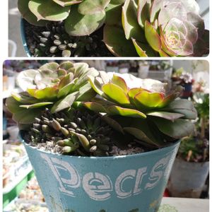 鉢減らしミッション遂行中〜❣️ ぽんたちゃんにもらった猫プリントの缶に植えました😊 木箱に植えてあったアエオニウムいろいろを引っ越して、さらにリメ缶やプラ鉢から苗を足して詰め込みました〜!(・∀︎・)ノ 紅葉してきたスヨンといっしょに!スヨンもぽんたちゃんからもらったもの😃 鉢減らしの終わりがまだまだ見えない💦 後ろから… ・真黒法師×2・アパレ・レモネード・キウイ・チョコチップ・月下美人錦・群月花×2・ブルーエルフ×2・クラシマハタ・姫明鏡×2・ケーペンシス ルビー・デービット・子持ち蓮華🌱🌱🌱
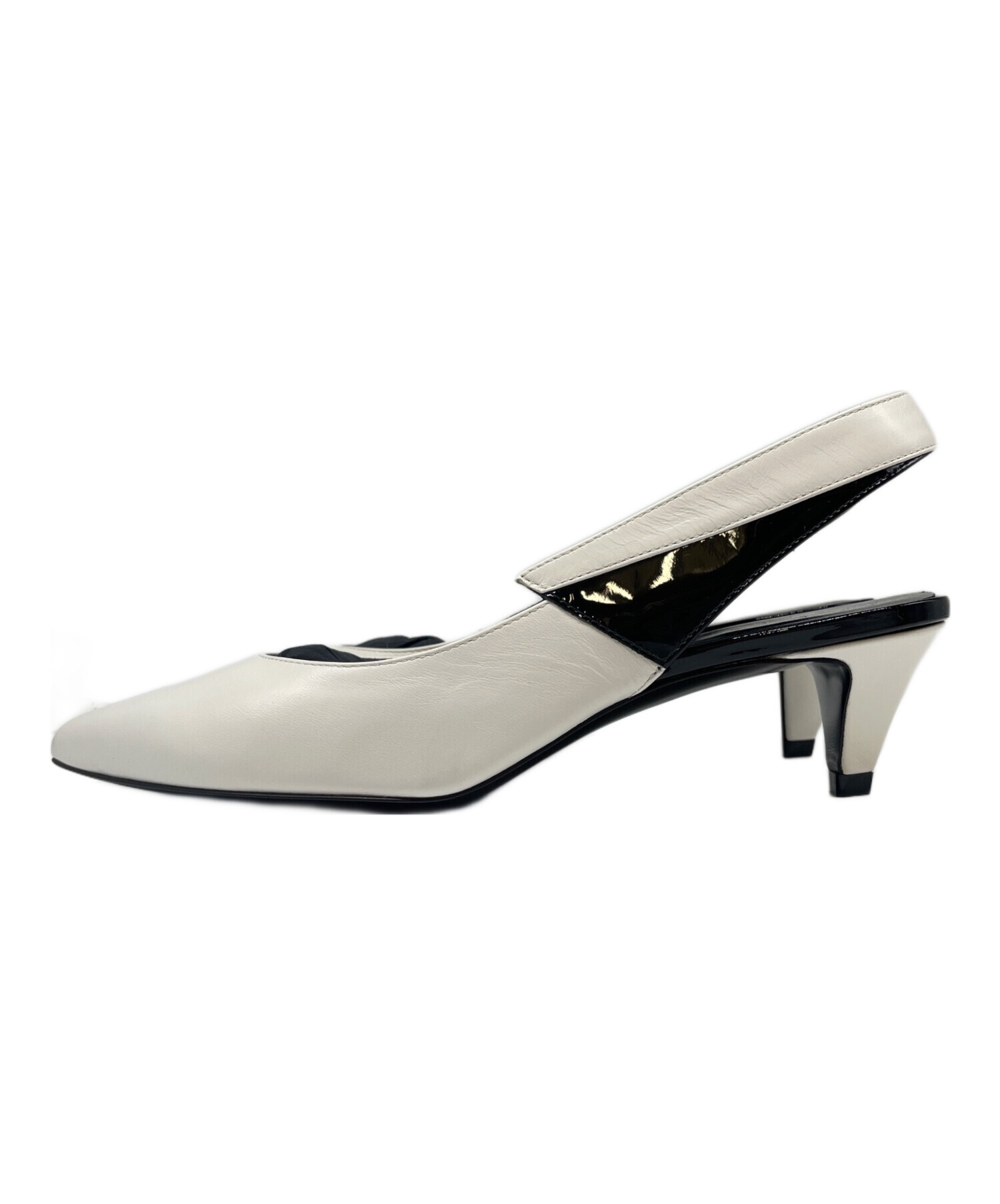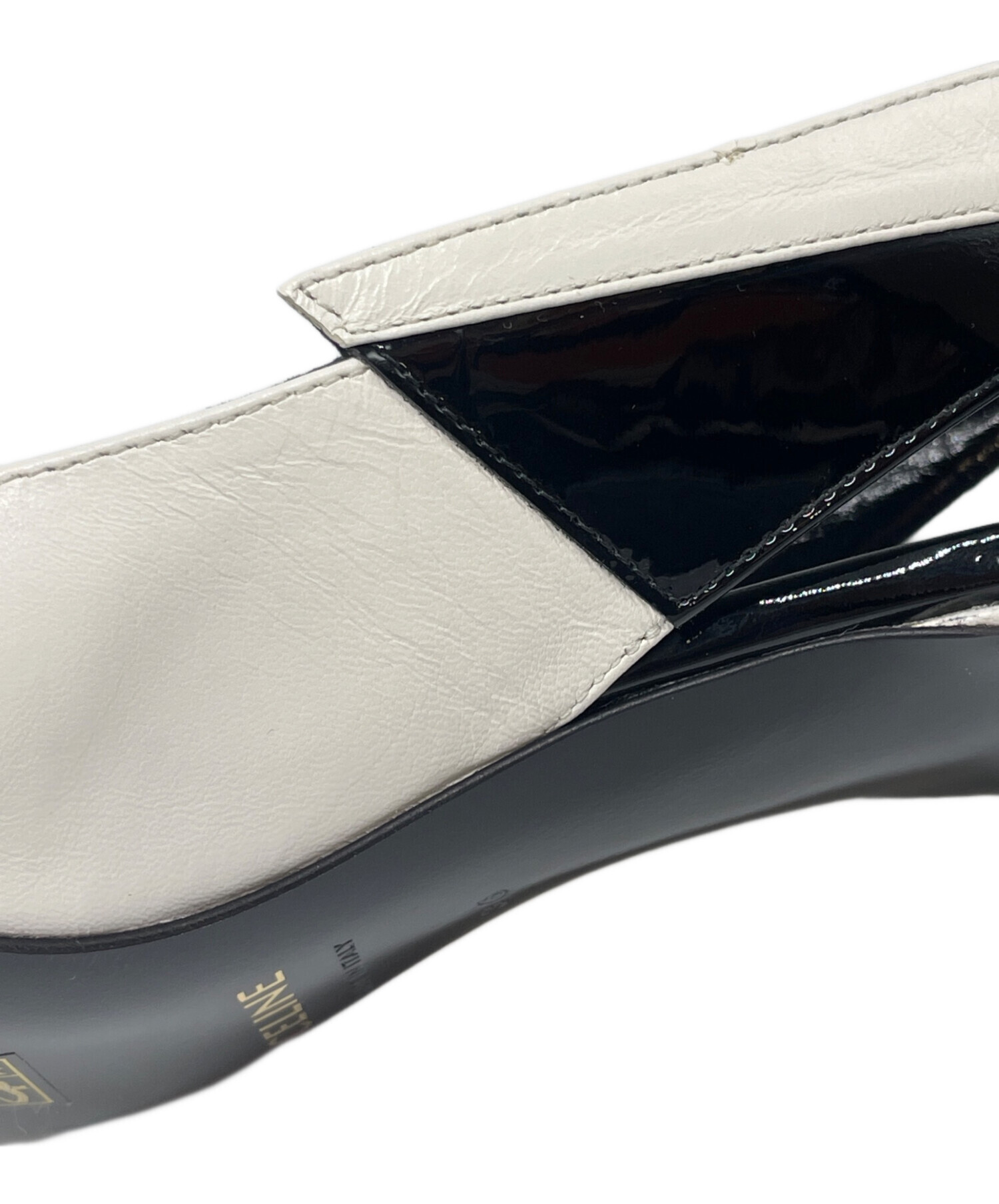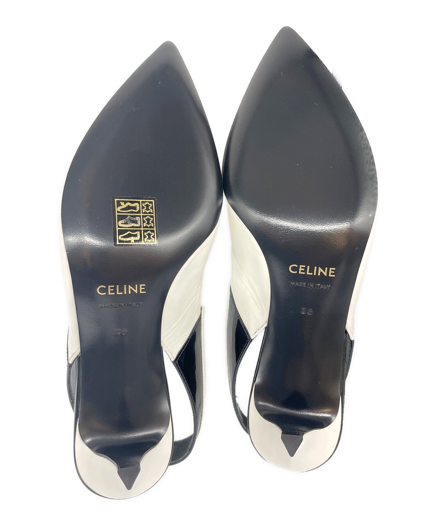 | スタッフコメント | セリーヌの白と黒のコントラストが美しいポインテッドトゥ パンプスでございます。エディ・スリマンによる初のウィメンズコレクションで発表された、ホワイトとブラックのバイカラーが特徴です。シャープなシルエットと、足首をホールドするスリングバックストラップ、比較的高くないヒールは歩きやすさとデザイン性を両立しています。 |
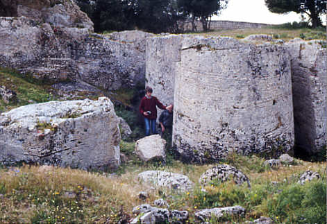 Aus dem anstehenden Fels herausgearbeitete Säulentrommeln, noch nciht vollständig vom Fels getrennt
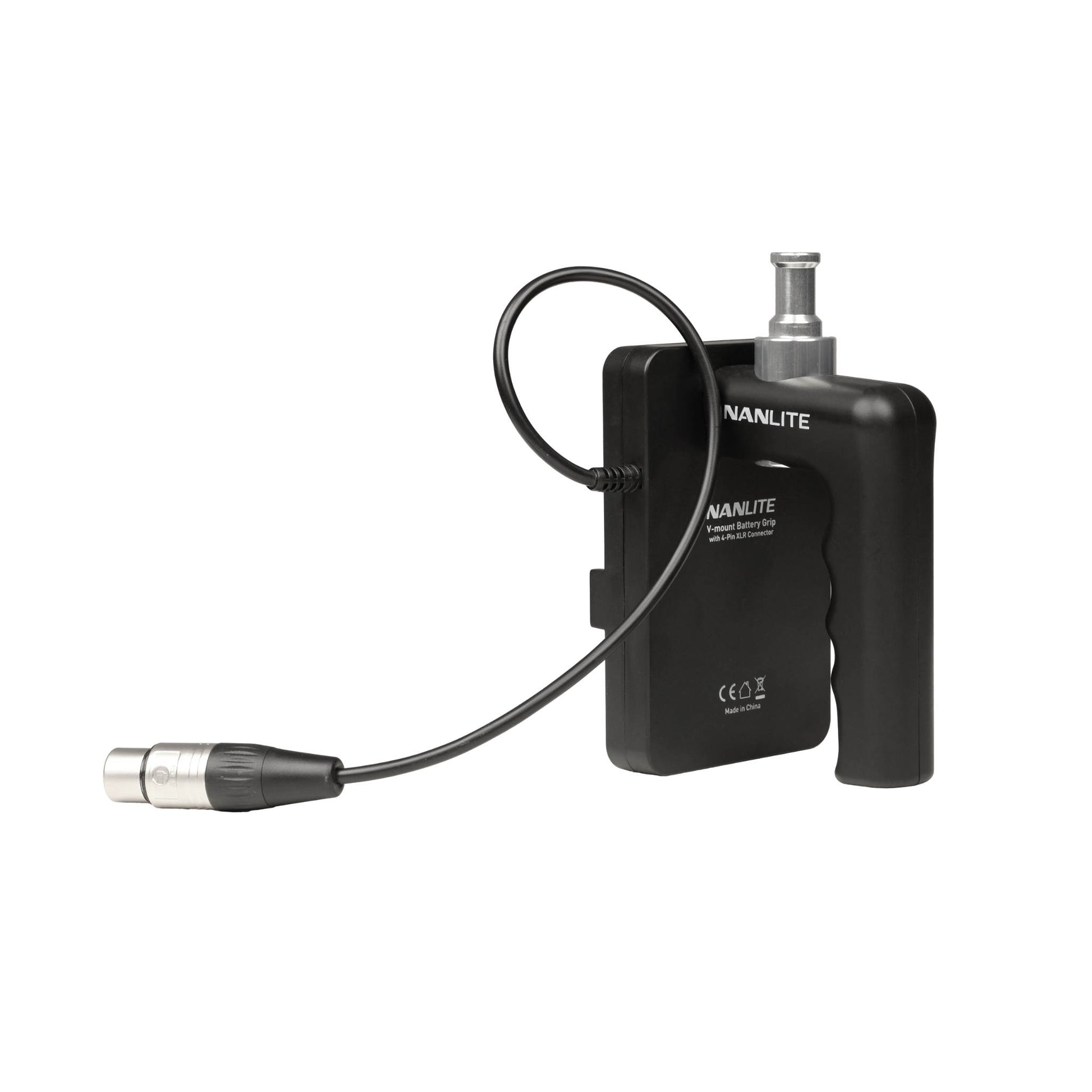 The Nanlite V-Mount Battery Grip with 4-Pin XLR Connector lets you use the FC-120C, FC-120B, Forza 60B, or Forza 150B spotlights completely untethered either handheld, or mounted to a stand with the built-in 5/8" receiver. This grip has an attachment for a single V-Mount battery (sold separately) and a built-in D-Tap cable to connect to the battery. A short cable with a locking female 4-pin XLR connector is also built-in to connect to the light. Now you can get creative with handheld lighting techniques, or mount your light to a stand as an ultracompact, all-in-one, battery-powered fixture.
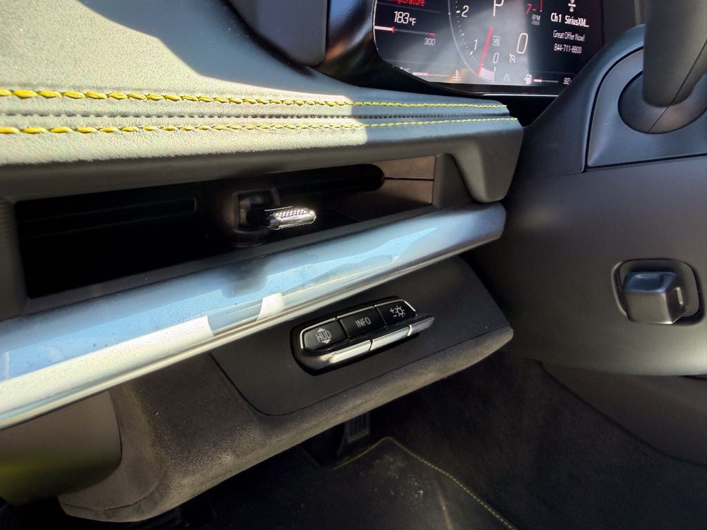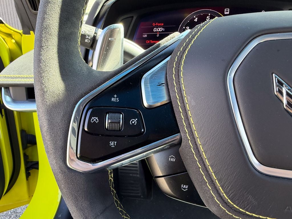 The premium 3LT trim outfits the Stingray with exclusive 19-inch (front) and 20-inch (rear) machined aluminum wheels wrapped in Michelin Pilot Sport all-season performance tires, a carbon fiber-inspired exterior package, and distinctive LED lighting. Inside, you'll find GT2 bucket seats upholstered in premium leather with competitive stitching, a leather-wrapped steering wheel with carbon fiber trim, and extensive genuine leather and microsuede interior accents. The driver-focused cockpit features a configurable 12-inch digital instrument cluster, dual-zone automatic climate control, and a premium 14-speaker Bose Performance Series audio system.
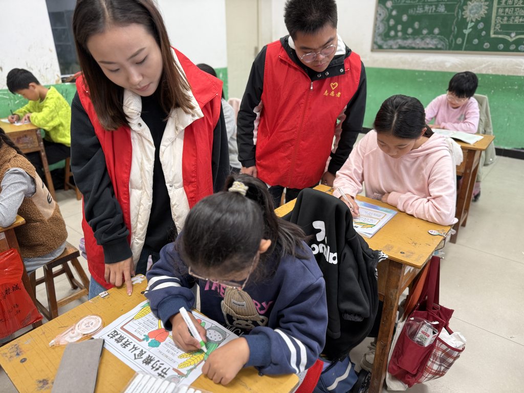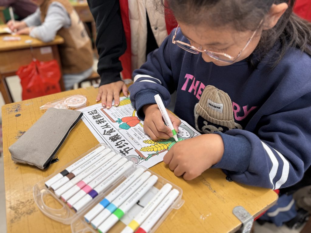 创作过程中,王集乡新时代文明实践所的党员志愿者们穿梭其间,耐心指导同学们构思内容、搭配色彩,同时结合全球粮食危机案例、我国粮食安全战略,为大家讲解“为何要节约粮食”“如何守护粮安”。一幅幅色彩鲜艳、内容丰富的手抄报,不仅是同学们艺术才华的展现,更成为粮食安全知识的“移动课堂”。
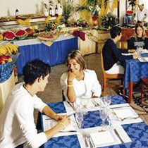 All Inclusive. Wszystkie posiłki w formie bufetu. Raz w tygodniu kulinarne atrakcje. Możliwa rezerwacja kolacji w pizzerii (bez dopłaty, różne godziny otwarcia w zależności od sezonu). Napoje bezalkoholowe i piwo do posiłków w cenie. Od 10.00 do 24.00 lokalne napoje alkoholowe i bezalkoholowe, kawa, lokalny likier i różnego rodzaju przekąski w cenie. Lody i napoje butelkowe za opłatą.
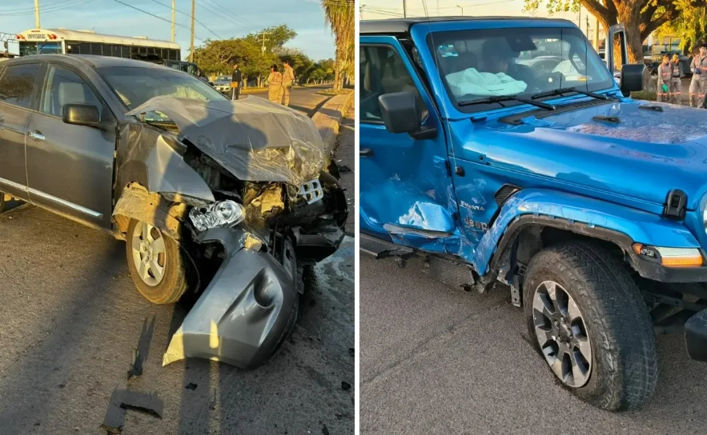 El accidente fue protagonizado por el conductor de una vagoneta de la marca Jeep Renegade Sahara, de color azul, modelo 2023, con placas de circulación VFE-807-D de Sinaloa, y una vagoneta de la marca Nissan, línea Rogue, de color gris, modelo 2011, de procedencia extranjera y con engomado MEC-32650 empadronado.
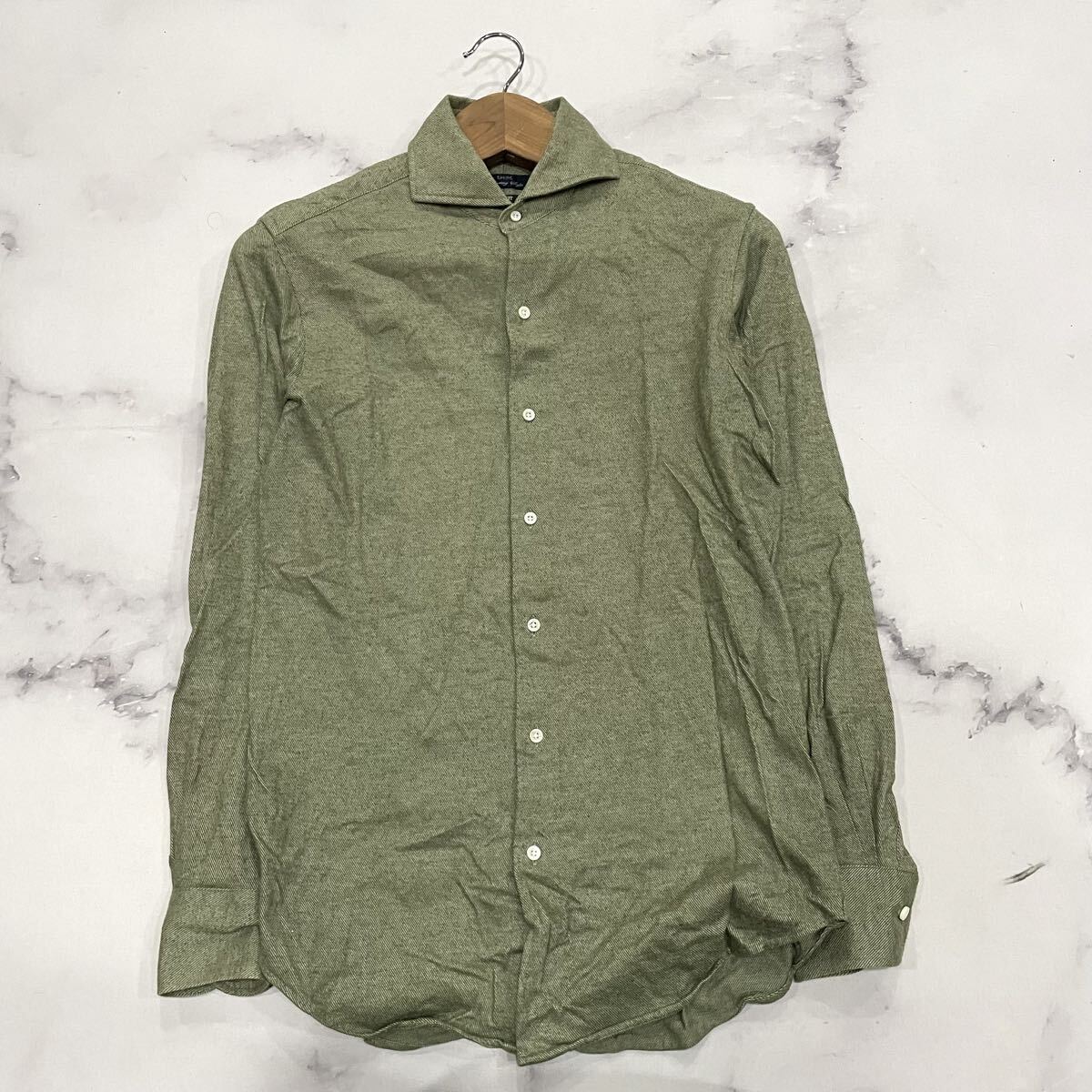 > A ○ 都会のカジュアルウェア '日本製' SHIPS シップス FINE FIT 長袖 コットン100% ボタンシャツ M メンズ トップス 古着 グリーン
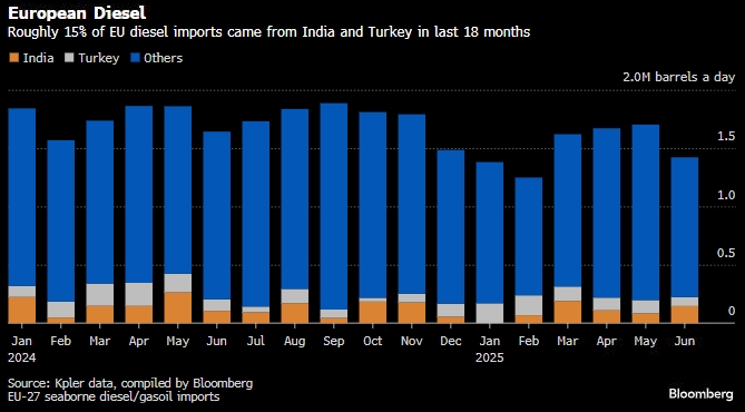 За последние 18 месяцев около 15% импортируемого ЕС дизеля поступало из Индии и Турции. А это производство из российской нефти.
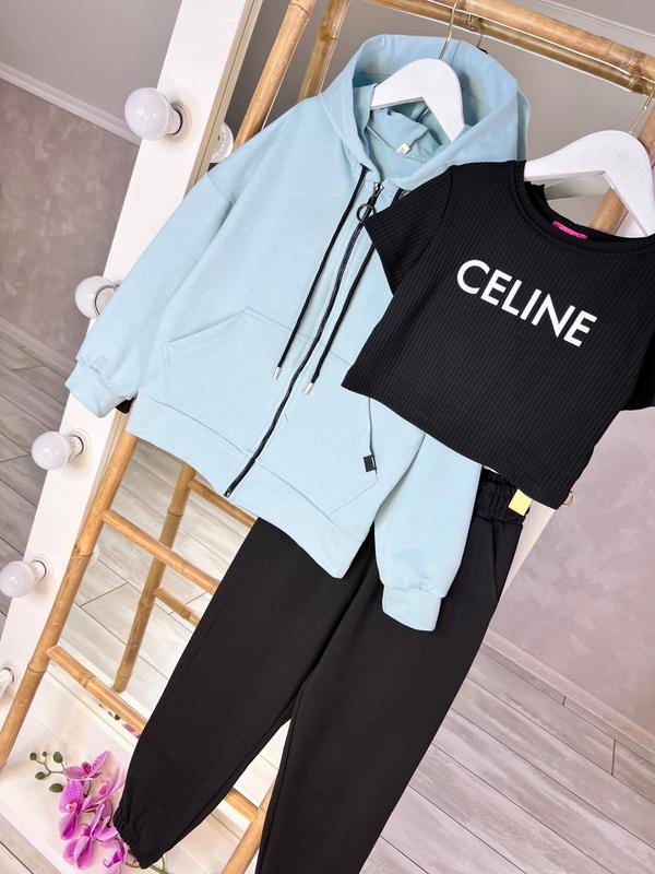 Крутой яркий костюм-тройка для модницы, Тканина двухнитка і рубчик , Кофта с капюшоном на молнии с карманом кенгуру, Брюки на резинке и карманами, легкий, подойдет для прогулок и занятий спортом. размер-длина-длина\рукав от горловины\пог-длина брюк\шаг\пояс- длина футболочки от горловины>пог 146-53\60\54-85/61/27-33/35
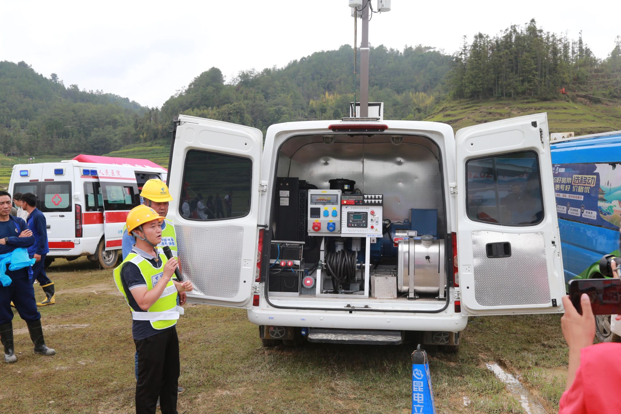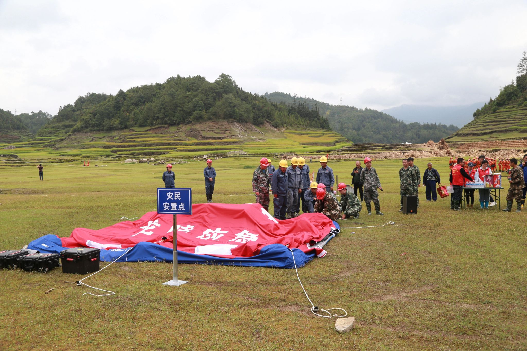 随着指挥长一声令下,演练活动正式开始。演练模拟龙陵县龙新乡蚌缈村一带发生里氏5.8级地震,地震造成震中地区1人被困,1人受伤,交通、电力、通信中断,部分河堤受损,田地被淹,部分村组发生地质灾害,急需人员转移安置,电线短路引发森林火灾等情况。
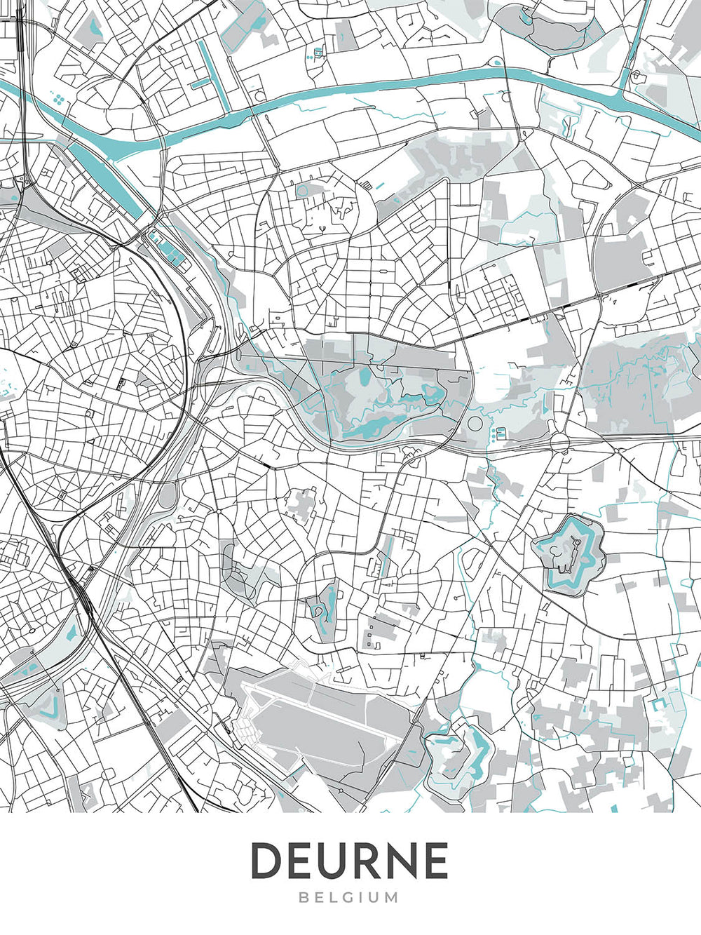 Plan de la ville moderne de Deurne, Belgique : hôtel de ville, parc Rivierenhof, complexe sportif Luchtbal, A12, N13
=-=-=-=-=
** Directions for this task **
Everything from the line with "El accidente fue" through the final line of the material is to be returned exactly, both ends included, apart from the pictures.

** Solution to this task **
 El accidente fue protagonizado por el conductor de una vagoneta de la marca Jeep Renegade Sahara, de color azul, modelo 2023, con placas de circulación VFE-807-D de Sinaloa, y una vagoneta de la marca Nissan, línea Rogue, de color gris, modelo 2011, de procedencia extranjera y con engomado MEC-32650 empadronado.
 > A ○ 都会のカジュアルウェア '日本製' SHIPS シップス FINE FIT 長袖 コットン100% ボタンシャツ M メンズ トップス 古着 グリーン
 За последние 18 месяцев около 15% импортируемого ЕС дизеля поступало из Индии и Турции. А это производство из российской нефти.
 Крутой яркий костюм-тройка для модницы, Тканина двухнитка і рубчик , Кофта с капюшоном на молнии с карманом кенгуру, Брюки на резинке и карманами, легкий, подойдет для прогулок и занятий спортом. размер-длина-длина\рукав от горловины\пог-длина брюк\шаг\пояс- длина футболочки от горловины>пог 146-53\60\54-85/61/27-33/35
 随着指挥长一声令下,演练活动正式开始。演练模拟龙陵县龙新乡蚌缈村一带发生里氏5.8级地震,地震造成震中地区1人被困,1人受伤,交通、电力、通信中断,部分河堤受损,田地被淹,部分村组发生地质灾害,急需人员转移安置,电线短路引发森林火灾等情况。
 Plan de la ville moderne de Deurne, Belgique : hôtel de ville, parc Rivierenhof, complexe sportif Luchtbal, A12, N13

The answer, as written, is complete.